OSCon Day -1 & 0: Community Leadership Summit
Before OSCon starts, a bunch of very friendly, talkative people get together to discuss the ins and outs of community management. These are evangelists, marketing folks, product managers, generally good people persons. They get together to discuss the craft of people person-ing; when by “people” you mean “many geographically diverse people gathered around a particular open source project or other product.” I only attended one session, but my partner who is in developer marketing attended both days and got a lot out of it. I found it interesting but did not connect it to a direct relevancy to the art of software engineering management.

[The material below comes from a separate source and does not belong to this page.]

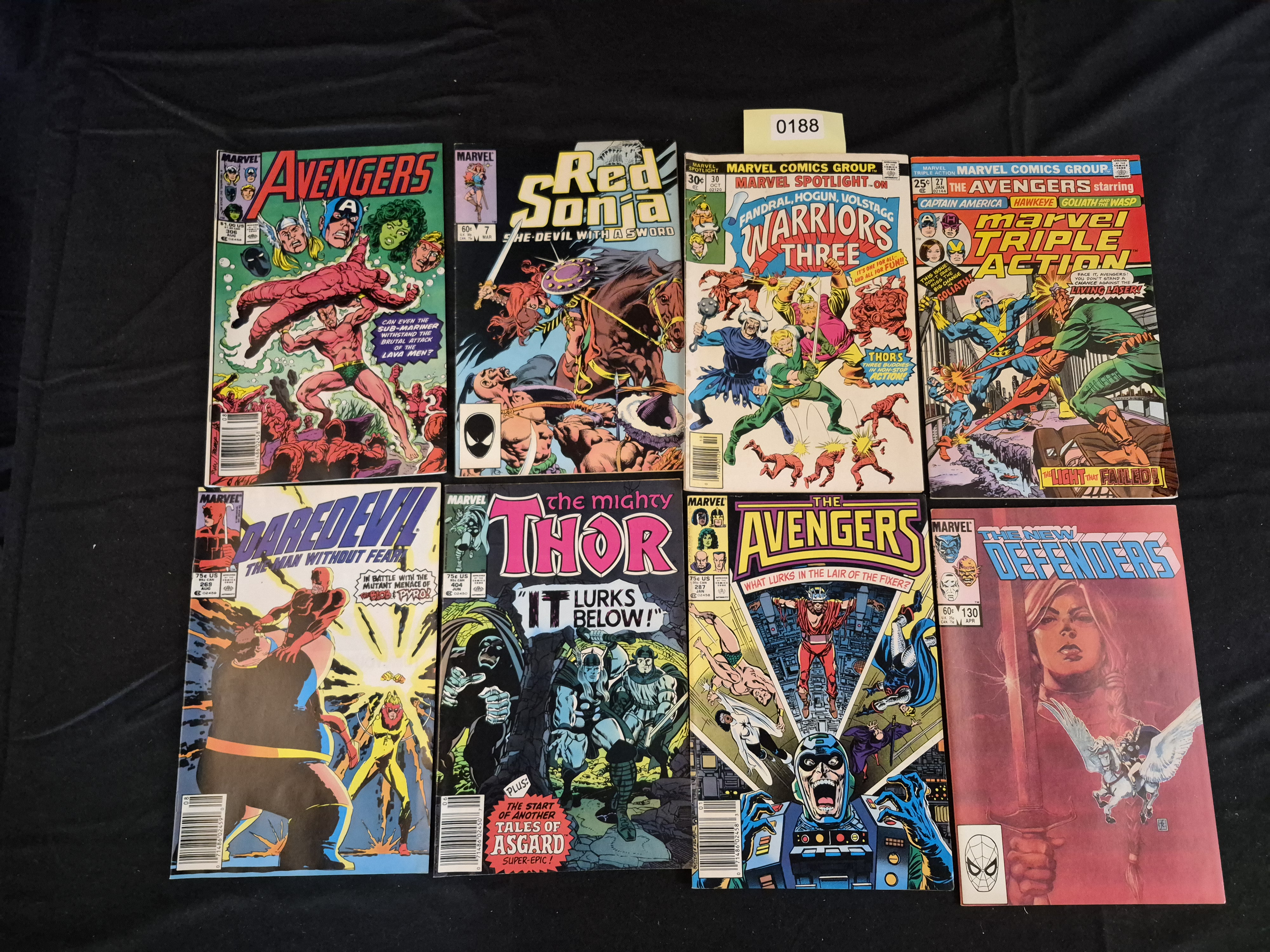 BID PER WHAT YOU SEE IN THE PHOTO, NOT THE AI GENERATED TITLES AND DESCRIPTIONS! A collection of eight standard-format American comic books published by Marvel Comics, printed on paper with full-color covers. The issues reflect titles primarily spanning the Bronze and Copper Age periods. Specific titles include Avengers (e.g., issue #306, $1.00), Red Sonja (e.g., issue #7, 60¢), Marvel Spotlight on Warriors Three (e.g., issue #30, 30¢), Marvel Triple Action (e.g., issue #27, 25¢), Daredevil: The Man Without Fear (e.g., issue #269, 75¢), The Mighty Thor (e.g., issue #404, 75¢), The Avengers (e.g., issue #287, 75¢), and The New Defenders (e.g., issue #130, 60¢). An inventory sticker marked 0188 is affixed to the upper margin of the Marvel Spotlight issue.

That said, being on the forefront of user input and feedback for Contacts, I could probably spend more time thinking and acting on the topics discussed in this forum.

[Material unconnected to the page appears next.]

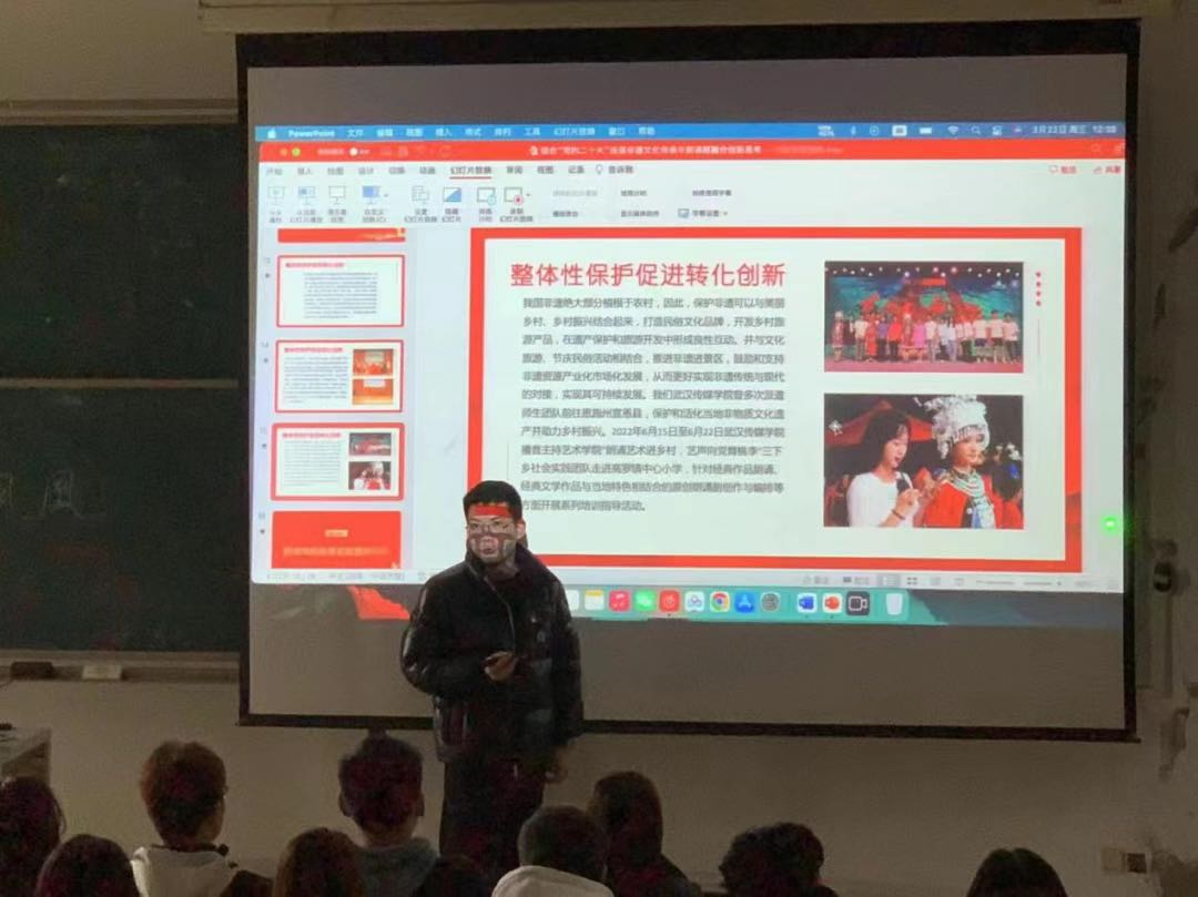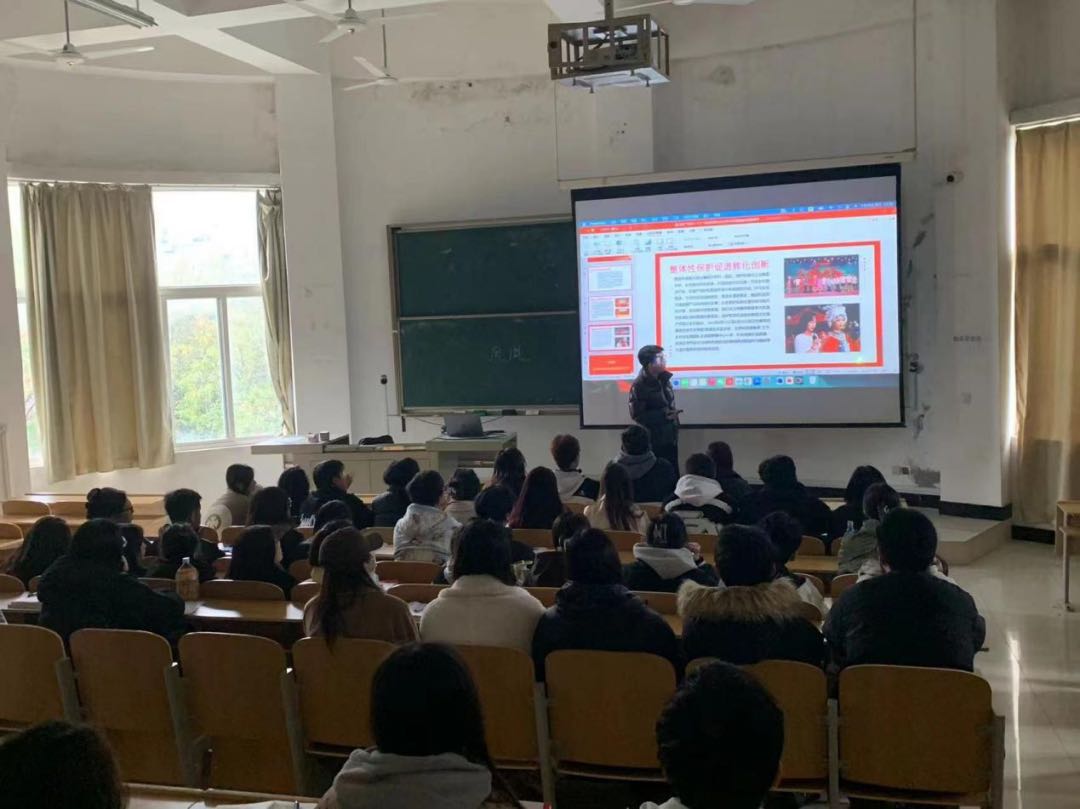 党课的最后,胡桐同志讲到,非物质文化遗产是中华民族数千年来的智慧积淀,是中国传统文化中的璀璨明星。创新传承非遗文化,既是乡村振兴的基本目标,又是乡村振兴的精神内核,更是乡村振兴可持续发展的软实力。“以美育人,以文化人”,依托艺术和文化使乡村振兴更加坚定,塑造文化自信,有效激活优秀传统文化,助推文化产业赋能乡村振兴。我们要创新传承方式,通过朗诵、舞蹈等元素,呈现传统与现代的完美结合,逐渐形成并完善“教-学-传”体系,立德树人、以文化人,让冷门的非遗文化“热”起来!

OSCon Day 1: A Battle of Old and New
The morning was spent learning the latest thinking on the PHP framework front, the afternoon in a session on the new hotness that is Node.JS.
Top Shelf PHPÂ (Kris Wallsmith, Jeremy Mikola, Dustin Whittle): I was impressed with the problems these guys are tackling, very relevant to the challenges we face on the Yahoo! Contacts team. To summarize:
- Symfony 2: Influential application framework, I later saw ideas from Symfony re-implemented in some of the Node.JS middleware. I am interested in Symfony as I have personal projects written in version 1 of this framework, however this is less relevant in the work context.
- Assetic: Asset management for symfony / php. Solves some problems we run into in an elegant way, by allowing runtime, configurable transformations of your static assets as developer runtime, which you can also integrate in your build process for simple CDN deployment. Uses a decorator-like “filter” system to apply various transformation steps to your assets, and is easy to configure for dev vs. production environments. As we are currently investigating our build process with regards to assets and speed, this might be work a look.
- Behat and Mink: BDD test creation and driving system. Allows you to write natural language behavioral tests in the same format as a user story, turn that to code, or with Mink, turn it into something that can automatically test your app. The simple case demoed was fairly impressive. The Contacts team is moving to a more lean development methodology and we need all the help we can get in the QA automation space. This tool has promise. Very similar to Pyccuracy, a tool written by our friends in the meme.com team in Brazil.
- node-inspector: in-browser Node.js debugging tool
- The Chrome team has an Eclipse-based Node.js debugger as well, it looked very impressive on the big screen.
- npm: Node Package Manager, developed by ex-Yahoo! Isaac Shlueter (who also lives in Oakland, woot!) is a necessity (but does not install if you followed the instructions to install node from the ubuntu package. I spent the second half of the tutorial re-installing node from source so I could install npm. Very irritating!)